Article

A Challenge Still Unanswered

April 1947 BUDD SCHULBERG '36
Article
A Challenge Still Unanswered
April 1947 BUDD SCHULBERG '36

SOME YEARS AGO Archibald MacLeish brought out a book with a clumsy title: America Was Promises. The title still bothers me. Perhaps it is merely the awkward sound it makes; more likely it is the past-tense pessimism. America, for me, continues to promise. One of our country's more intriguing characteristics is the lag between promise and fulfillment. This is a land of golden words and inspired principles—and the fact that the Declaration of Independence and some remarkably enlightened Constitutional amendments receive a systematic kicking in the teeth every day of our lives in no way detracts from their brilliance. We love those ideas. Politicians love to make noble speeches about them. We love to write about them and sing about them and dwell upon them. We like to do almost everything except act consistently upon them.

This tendency toward "glittering generalities" has been just as apparent in the recent articles, speeches and pronunciamentos dealing with motion pictures. Consider, for instance, a recent eloquence from Eric Johnston: The screen must be free to portray faithfully, and explore intelligently, the whole realm of human knowledge and activity.
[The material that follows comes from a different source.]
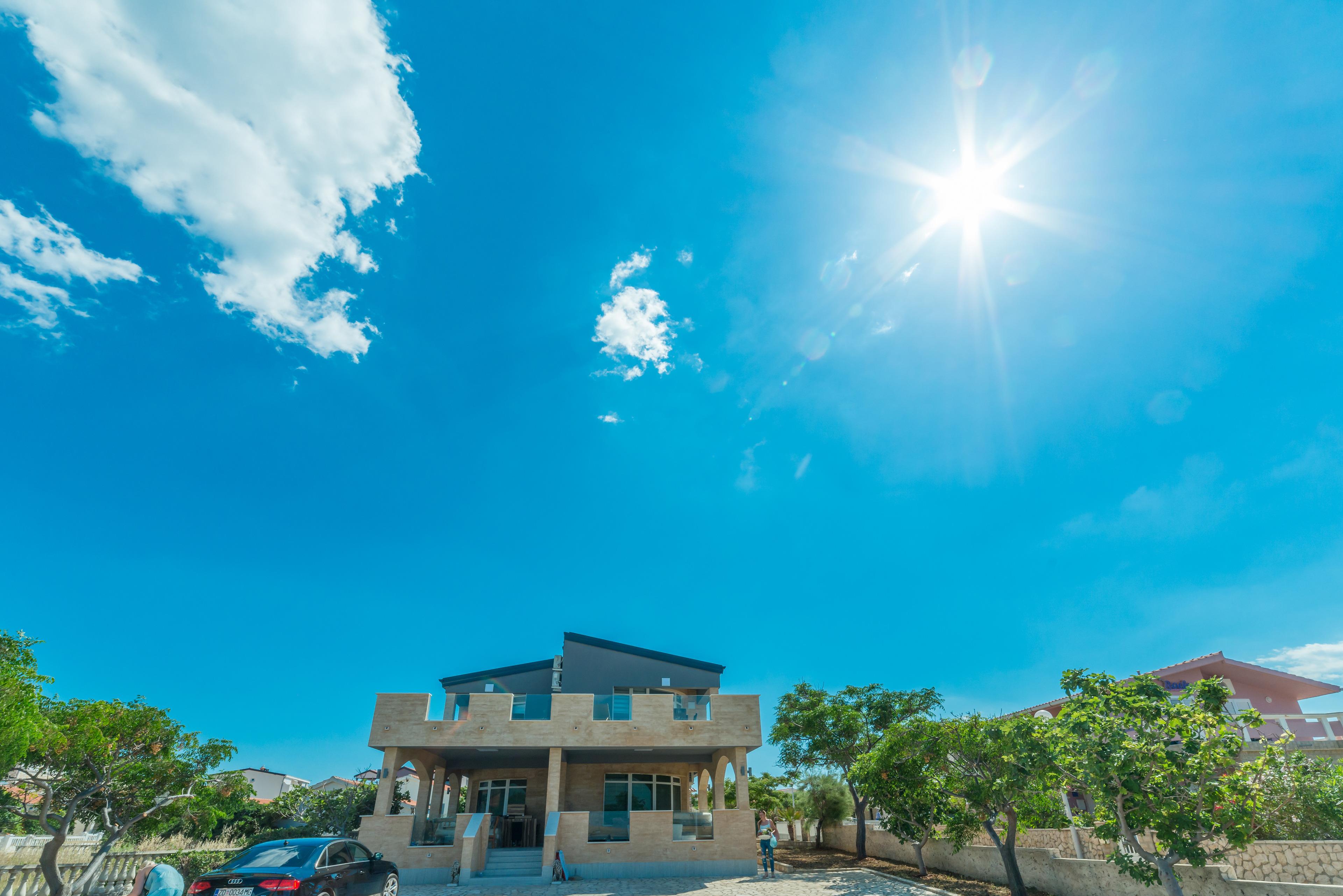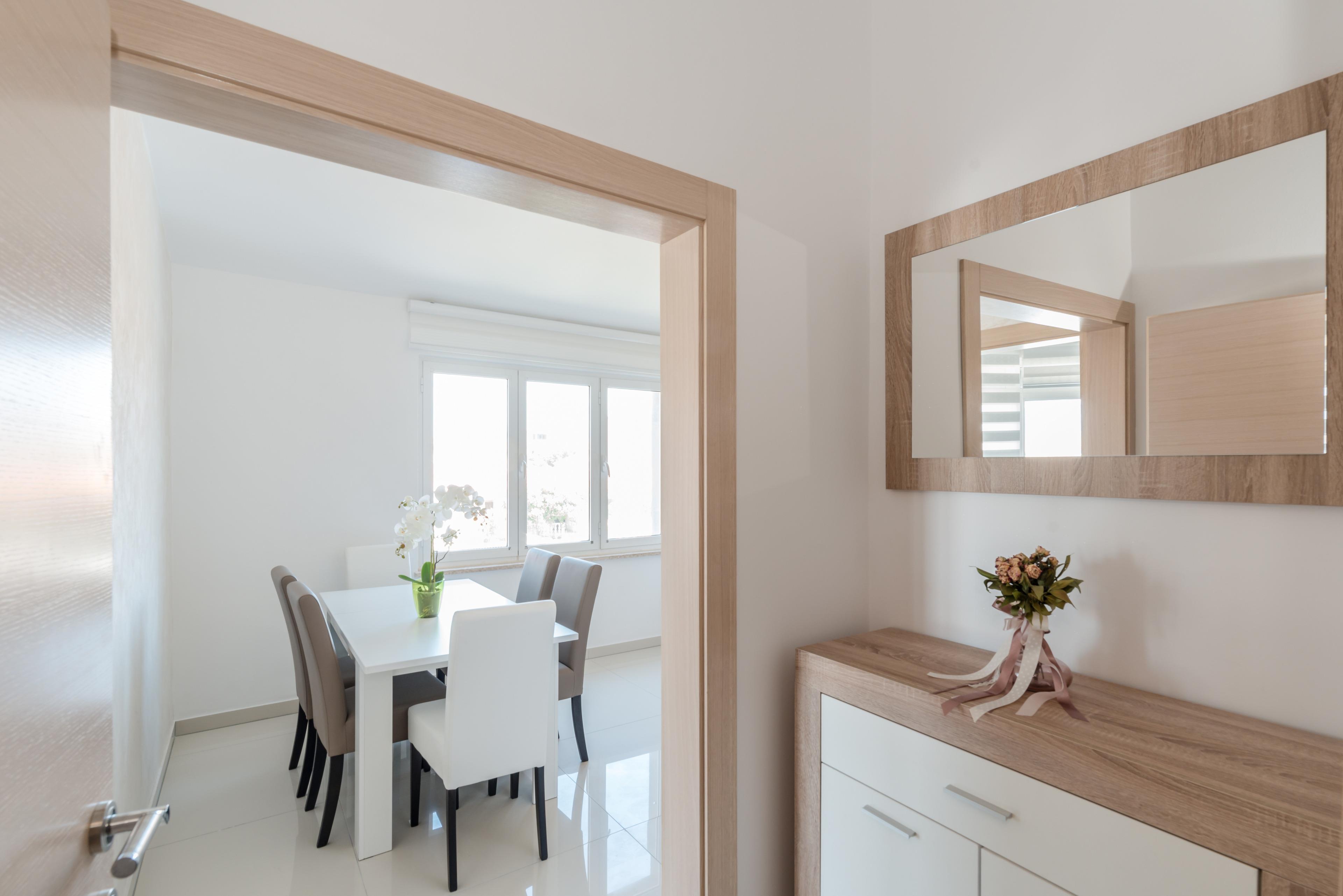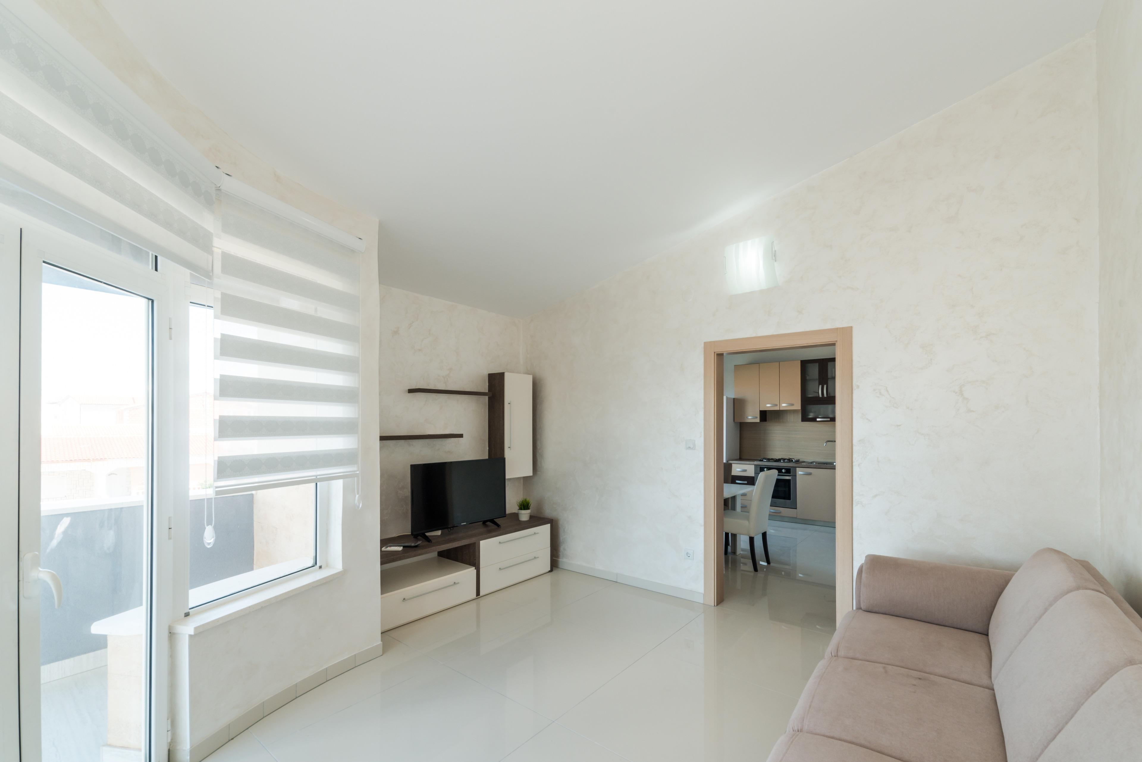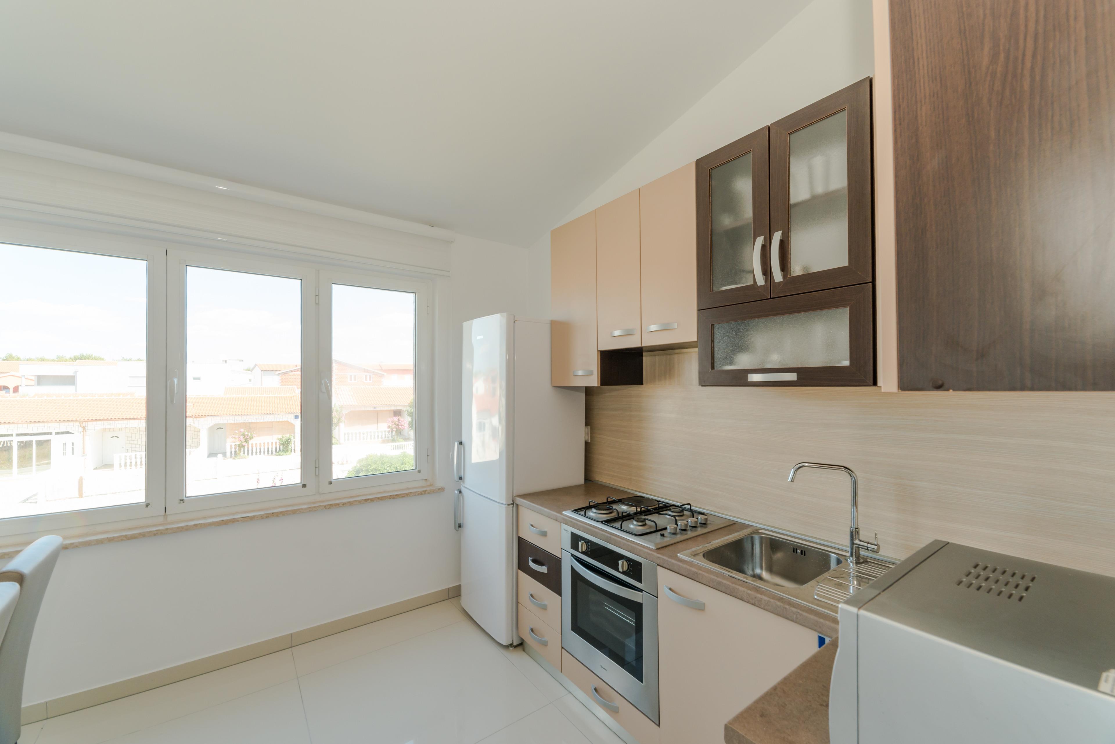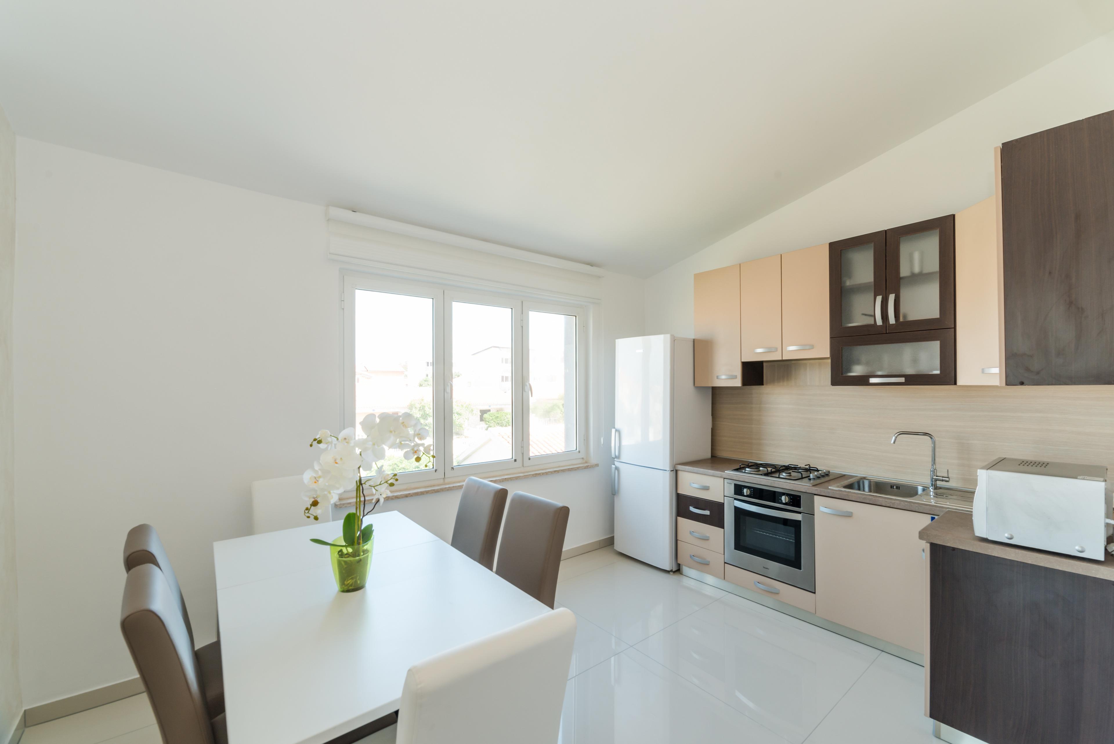 Luxuriöse und modern eingerichtete 70m2 Wohnung im ersten Stock des Hauses teilt sich auf einem Wohnzimmer, Esszimmer, voll ausgestattete Küche, zwei Schlafzimmern mit Doppelbett und ein Badezimmer mit Dusche und Toilette. Im Wohnzimmer befindet sich ein Schlafsofa für zwei weitere Personen. Vom Wohnzimmer aus erreichen Sie eine geräumige 40m2 Balkon mit atemberaubenden Meerblick, ausgestattet mit Tisch, Stühlen und Liegen, wo Sie mit dem Meerblick und frischen Seeluft genießen können. Klimaanlage, Sat-TV, Internetzugang und Parkplätze sind ebenfalls vorhanden und ohne Aufpreis. Der nächste Badestrand ist nur 20 Meter vom Haus entfernt!

It must be free from repression and it must be free from reprisal. It must be free from propaganda. Only a free screen truly reflects free institutions and the lives of free people. The screen must be as free as the free press free radio freedom of thought, action, expression and religion. Vest the screen with freedom's armor so it can truly battle for free people and institutions.

Now this is a splendid sentiment. It is a statement that perhaps only an American could make. It rings with idealism, liberalism, intellectual crusading and good will toward men. It has everything on its side, except a sound basis in fact. For Mr. Johnston seems to assume that this cinematic Nirvana already exists, and is to be found in the general vicinity of Hollywood, California.

Now this would be a wonderful thing, if it were so. For the motion picture is the world's most powerful medium of expression. If there is to be One World, or even Two Worlds which are able to reach a civilized understanding with each other, the American film could become one of its most persuasive ambassadors. If our screen were actually "free to portray faithfully and explore intelligently the whole realm of human knowledge and activity," we might experience a revelation as revolutionary as the discovery of atomic power.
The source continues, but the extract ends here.